The Problem Solving Through Inquiry and Data Analysis rubric can be found here. You MUST read it carefully before submitting your first homework. It allows you to know exactly the way in which you will be assessed, it is helpful in facilitating academic integrity.

Academic Integrity

  • Plagiarism is a serious breach of academic trust. In academic work, our words, ideas and programs are the value of our work, so turning in someone else’s work as if it were your own is a form of theft. When you use someone else’s words, ideas, or programs without crediting the source or authorship of those words, ideas, and program, you are plagiarizing. So here’s the bottom line: original work only, credit to ideas, writing, words, or programs from someone other than you. Plagiarized work will automatically receive a “0” or “F” for the assignment.

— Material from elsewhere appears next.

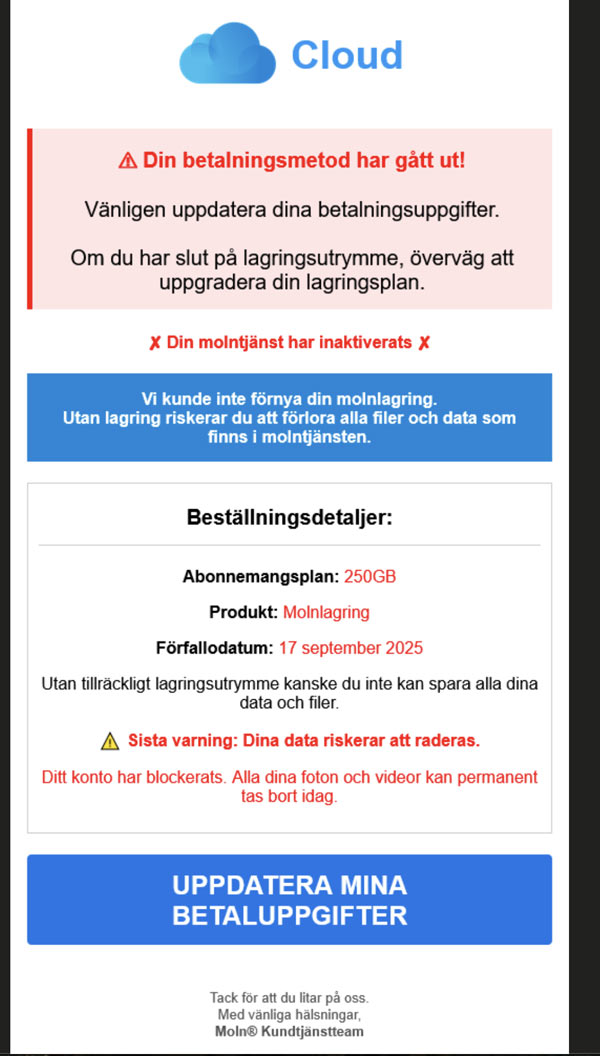 Tänk på att Myndigheter ALDRIG kontaktar dig via telefon eller mail.

  • Since cheating usually arises out of desperation and everyone has an occasional problem and finishes their work late, this class accepts late homework submission, but with a 15% per day penalty. We encourage you to complete your homework rather than drop it. Any oral discussion with classmates, TA and lecturer are welcomed, but you MUST NOT share any of your code in any form.